I took a nap with it today. And at night when I rolled into Den’s arms for our nighttime snuggle I pulled it with me, clutched tight under my arm.
I told Den that it was the kind of throw blanket I would use to put down for a baby to play on… for Devin to play on. I paused and grabbed Sheepie, and sat him on the blanket.
There’s still sitting there, Sheepie and the blanket, between my husband and me on the bed. I look over, touch the soft blanket, and smile. He would have liked that blanket.
I really admire people like you and C. who can go ahead and make these purchases. I just shut down and don’t even look or think. Good for you, I say, good for you.

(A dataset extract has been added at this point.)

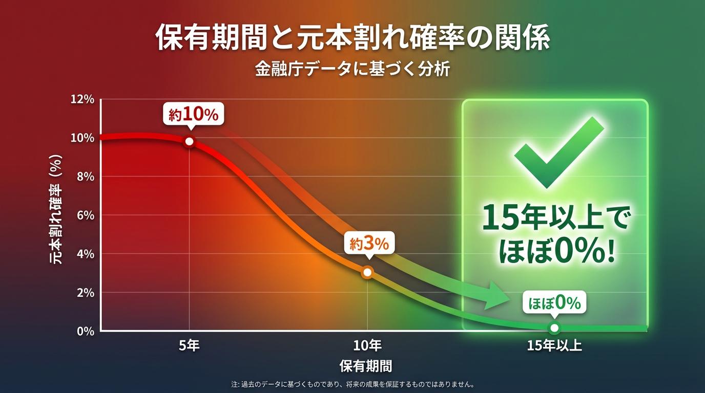 金融庁の過去データ分析によると、保有期間による元本割れ確率は以下の通りです。

i had a little dog for my son. got it him when we found out we were pg w/ twins. one for each boy. c still has his. loves it. d would have loved it too. i used to put it in his crib. it sat right where he was supposed to be. so quiet and so still. his blanket is MY lovie now. it is soft w/ dragon files on it. i hold it everynight and it’s been almost 2 years and 2 babies ago. doesn’t matter. it’s his.
like tash said good for you for getting that blanket. devin’s blanket. he will share it with his bro/sis.
Yes, it’s amazing how things like that can connect us to our lost children. Good to have those things around the house. Took me a while to realize that.